Add image and audio prompting API

domenic · web-flow · commit 331914af6ee9 · 2025-02-25T15:01:31.000+09:00
Closes #40. Somewhat helps with #70.
diff --git a/README.md b/README.md
@@ -173,6 +173,65 @@ console.log(await promptWithCalculator("What is 2 + 2?"));
 
 We'll likely explore more specific APIs for tool- and function-calling in the future; follow along in [issue #7](https://github.com/webmachinelearning/prompt-api/issues/7).
 
+### Multimodal inputs
+
+All of the above examples have been of text prompts. Some language models also support other inputs. Our design initially includes the potential to support images and audio clips as inputs. This is done by using objects in the form `{ type: "image", content }` and `{ type: "audio", content }` instead of strings. The `content` values can be the following:
+
+* For image inputs: [`ImageBitmapSource`](https://html.spec.whatwg.org/#imagebitmapsource), i.e. `Blob`, `ImageData`, `ImageBitmap`, `VideoFrame`, `OffscreenCanvas`, `HTMLImageElement`, `SVGImageElement`, `HTMLCanvasElement`, or `HTMLVideoElement` (will get the current frame). Also raw bytes via `BufferSource` (i.e. `ArrayBuffer` or typed arrays).
+
+* For audio inputs: for now, `Blob`, `AudioBuffer`, or raw bytes via `BufferSource`. Other possibilities we're investigating include `HTMLAudioElement`, `AudioData`, and `MediaStream`, but we're not yet sure if those are suitable to represent "clips": most other uses of them on the web platform are able to handle streaming data.
+
+Sessions that will include these inputs need to be created using the `expectedInputs` option, to ensure that any necessary downloads are done as part of session creation, and that if the model is not capable of such multimodal prompts, the session creation fails. (See also the below discussion of [expected input languages](#multilingual-content-and-expected-languages), not just expected input types.)
+
+A sample of using these APIs:
+
+```js
+const session = await ai.languageModel.create({
+  // { type: "text" } is not necessary to include explicitly, unless
+  // you also want to include expected input languages for text.
+  expectedInputs: [
+    { type: "audio" },
+    { type: "image" }
+  ]
+});
+
+const referenceImage = await (await fetch("/reference-image.jpeg")).blob();
+const userDrawnImage = document.querySelector("canvas");
+
+const response1 = await session.prompt([
+  "Give a helpful artistic critique of how well the second image matches the first:",
+  { type: "image", content: referenceImage },
+  { type: "image", content: userDrawnImage }
+]);
+
+console.log(response1);
+
+const audioBlob = await captureMicrophoneInput({ seconds: 10 });
+
+const response2 = await session.prompt([
+  "My response to your critique:",
+  { type: "audio", content: audioBlob }
+]);
+```
+
+Future extensions may include more ambitious multimodal inputs, such as video clips, or realtime audio or video. (Realtime might require a different API design, more based around events or streams instead of messages.)
+
+Details:
+
+* Cross-origin data that has not been exposed using the `Access-Control-Allow-Origin` header cannot be used with the prompt API, and will reject with a `"SecurityError"` `DOMException`. This applies to `HTMLImageElement`, `SVGImageElement`, `HTMLVideoElement`, `HTMLCanvasElement`, and `OffscreenCanvas`. Note that this is more strict than `createImageBitmap()`, which has a tainting mechanism which allows creating opaque image bitmaps from unexposed cross-origin resources.
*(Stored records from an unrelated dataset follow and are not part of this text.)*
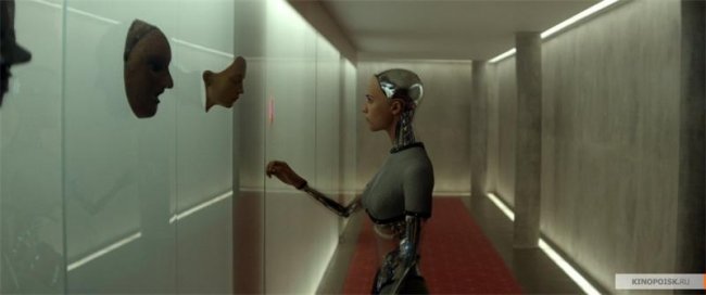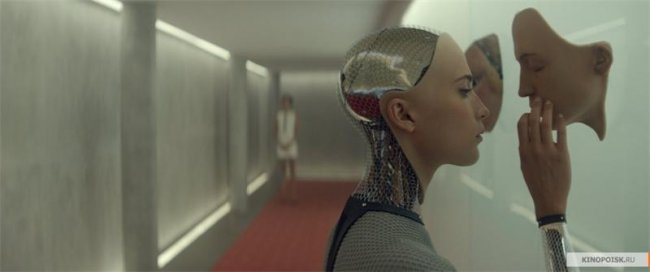 Фантастика Ex Machina (2015) расскажет о тайных лабораториях, полных долями тела будущих роботов. Ему необходимо провести неделю в удаленном месте и тестировать женщину-робота с ненастоящим интеллектом. Ее внешность вовсе не различается от обыденного женского. Искусственность создания не укладывается в рассудке. Естественное общение позволяет петь восхваления творцу.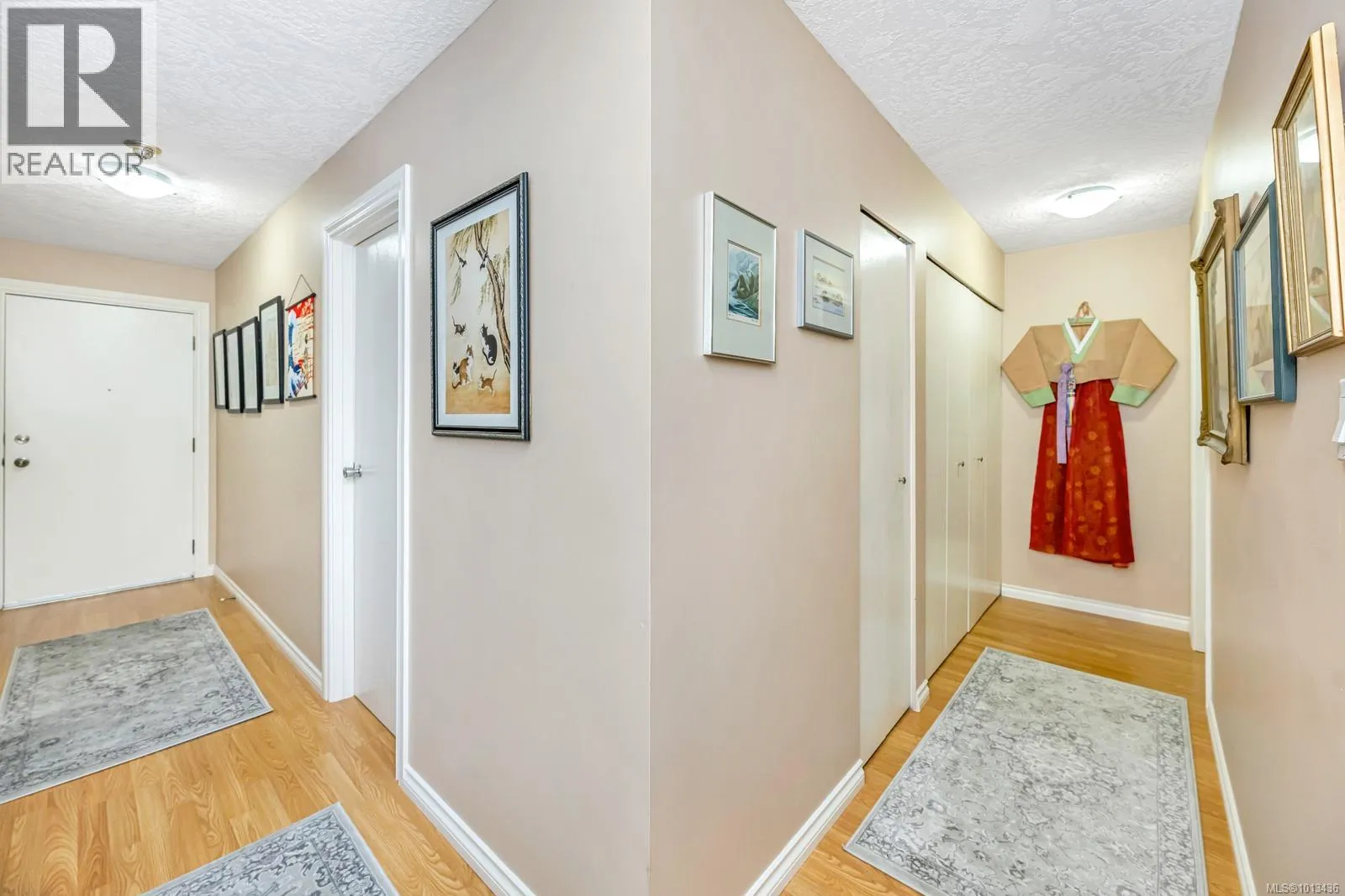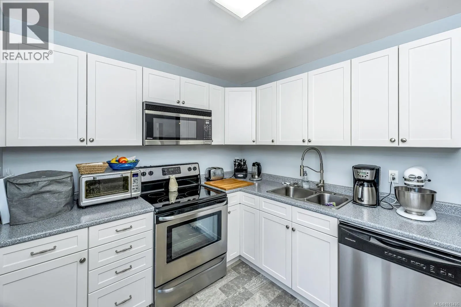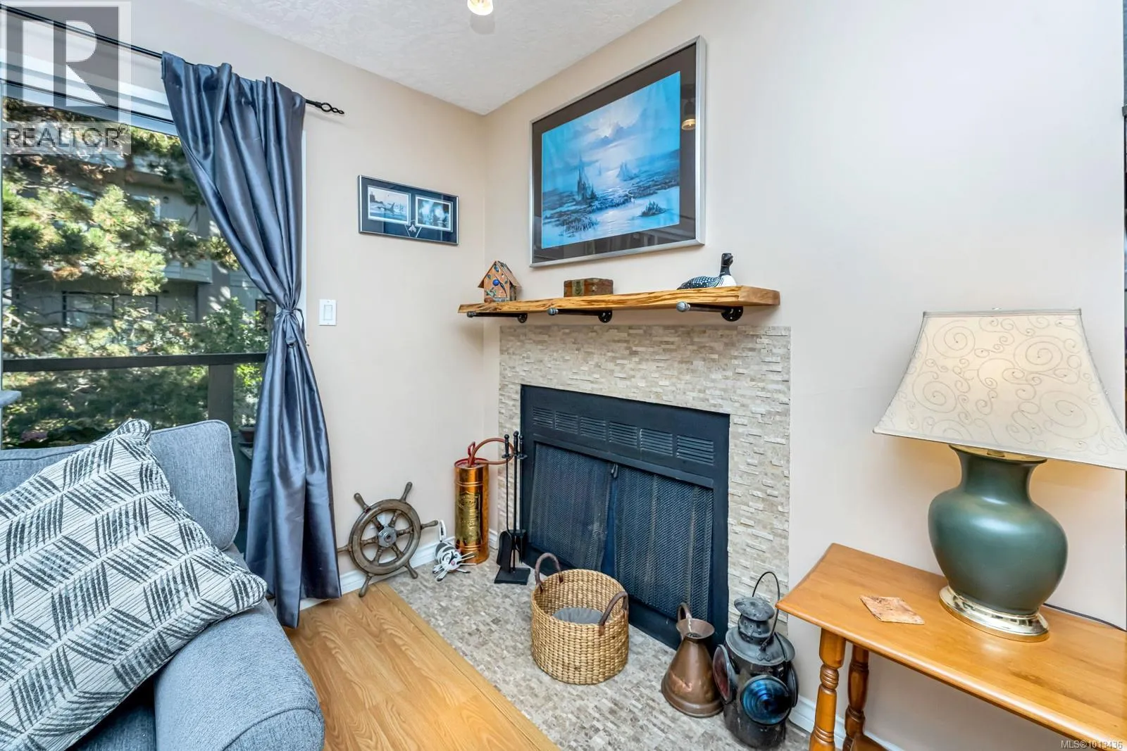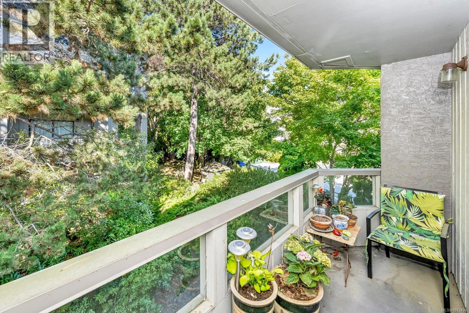 Full envelope renewal has started which includes cladding, balconies, windows and patio doors. This bright family friendly 2 bed 2 bath corner condo boasting over 1200sqft is located right across from the newly redone Rutledge Park with splash pad for the kids. 2 blks from Mayfair mall and 4 blks from Uptown giving it a high walk score of 87. The generous bedroom sizes are separate enough to give each other privacy. Perfect for a family or a two person purchase. There are 3 balconies, allows bbq's, an updated kitchen (floors, counters, updated cabinets with drawer inserts and stainless appliances), and large living room with a cozy wood burning fireplace. The spacious Primary bedroom has a large walk-thru closet, ensuite and it's own enclosed balcony. It includes in-suite laundry, secure parking, guest parking, separate storage and the H/W tank was replaced 2020 and new low-flow toilets in 2022. Two cats are also allowed. A great spot to call home! (id:27476)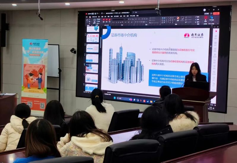为更好地普及金融知识,丰富校园文化建设,下午在博学楼A100报告厅举办了“江苏省大学生金融节”知识科普讲座。本次讲座邀请了南京证券的赵诗诺老师主讲,为同学们分享了当前中国证券市场的基本情况、证券行业发展情况、行业人才要求和职业规划,赢得了同学们的广泛好评。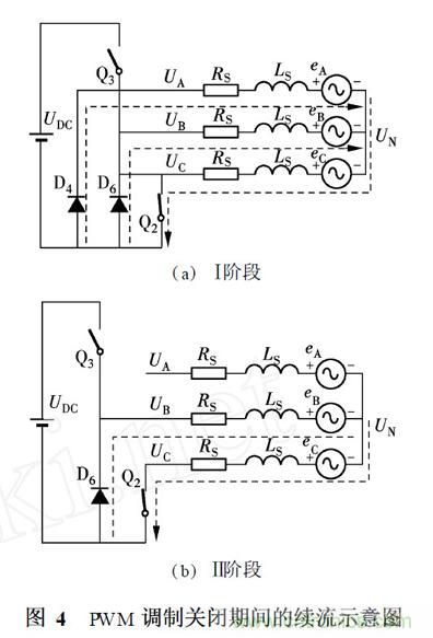 AC 和AB 區(qū)為A 相上橋臂開關(guān)PWM 調(diào)制階段. 以AC區(qū)為例,在PWM 開通期間, Q1 和Q2 導(dǎo)通, A 相繞組與直流側(cè)電壓的正極相連, 端電壓為UDC ;在PWM 關(guān)閉期間, Q1 關(guān)閉, Q2 導(dǎo)通,由于繞組阻抗呈感性, A 相下橋臂的反并聯(lián)二極管D4 導(dǎo)通續(xù)流,此時(shí)A 相繞組與直流側(cè)電壓的負(fù)極相連,端電壓為零.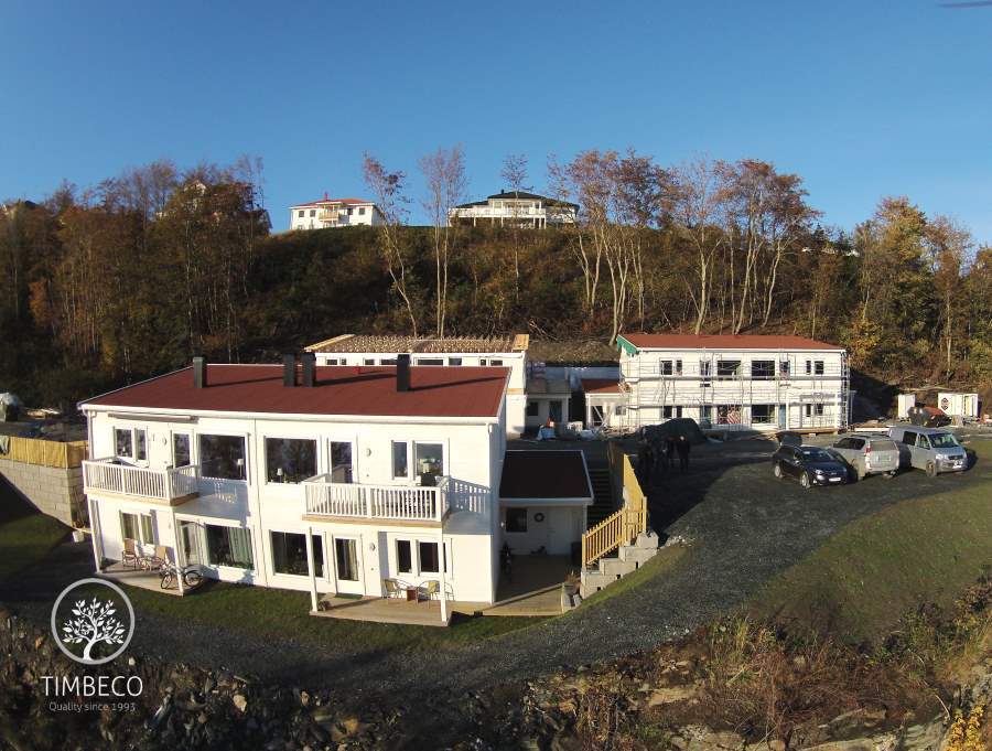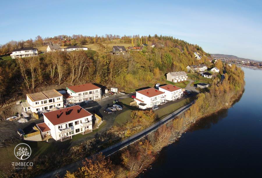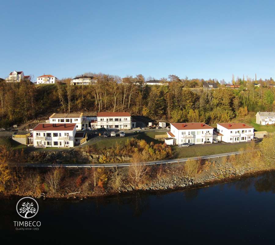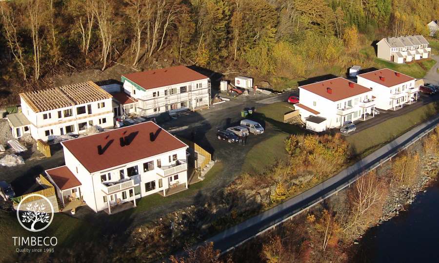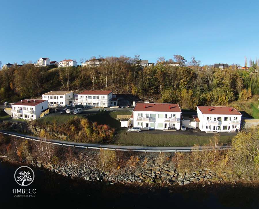 Project description: Timbeco manufactured and erected 5 apartment buildings made of prefab timber elements in Norway. At the Timbeco factory, cladding and windows with sealing and finishing were installed on prefab timber frame wall elements. In order to increase sound-proofness, inserted ceiling elements were equipped with metal acoustic balks. Also, soundproofing strips were installed between prefab wall elements and inserted ceiling elements. In order to increase fireproofness, inserted ceiling elements were equipped with a metal mesh which, in case of a fire, keeps the mineral wool around the wooden structure and prevents the wood from catching fire.

For the prompt API, such resources will just fail. This includes attempts to use cross-origin-tainted canvases.
+
+* Raw-bytes cases (`Blob` and `BufferSource`) will apply the appropriate sniffing rules ([for images](https://mimesniff.spec.whatwg.org/#rules-for-sniffing-images-specifically), [for audio](https://mimesniff.spec.whatwg.org/#rules-for-sniffing-audio-and-video-specifically)) and reject with a `"NotSupportedError"` `DOMException` if the format is not supported. This behavior is similar to that of `createImageBitmap()`.
+
+* Animated images will be required to snapshot the first frame (like `createImageBitmap()`). In the future, animated image input may be supported via some separate opt-in, similar to video clip input. But we don't want interoperability problems from some implementations supporting animated images and some not, in the initial version.
+
+* For `HTMLVideoElement`, even a single frame might not yet be downloaded when the prompt API is called. In such cases, calling into the prompt API will force at least a single frame's worth of video to download. (The intent is to behave the same as `createImageBitmap(videoEl)`.)
+
+* Text prompts can also be done via `{ type: "text", content: aString }`, instead of just `aString`. This can be useful for generic code.
+
+* Attempting to supply an invalid combination, e.g. `{ type: "audio", content: anImageBitmap }`, `{ type: "image", content: anAudioBuffer }`, or `{ type: "text", content: anArrayBuffer }`, will reject with a `TypeError`.
+
+* As described [above](#customizing-the-role-per-prompt), you can also supply a `role` value in these objects, so that the full form is `{ role, type, content }`. However, for now, using any role besides the default `"user"` role with an image or audio prompt will reject with a `"NotSupportedError"` `DOMException`. (As we explore multimodal outputs, this restriction might be lifted in the future.)
+
 ### Structured output or JSON output
 
 To help with programmatic processing of language model responses, the prompt API supports structured outputs defined by a JSON schema.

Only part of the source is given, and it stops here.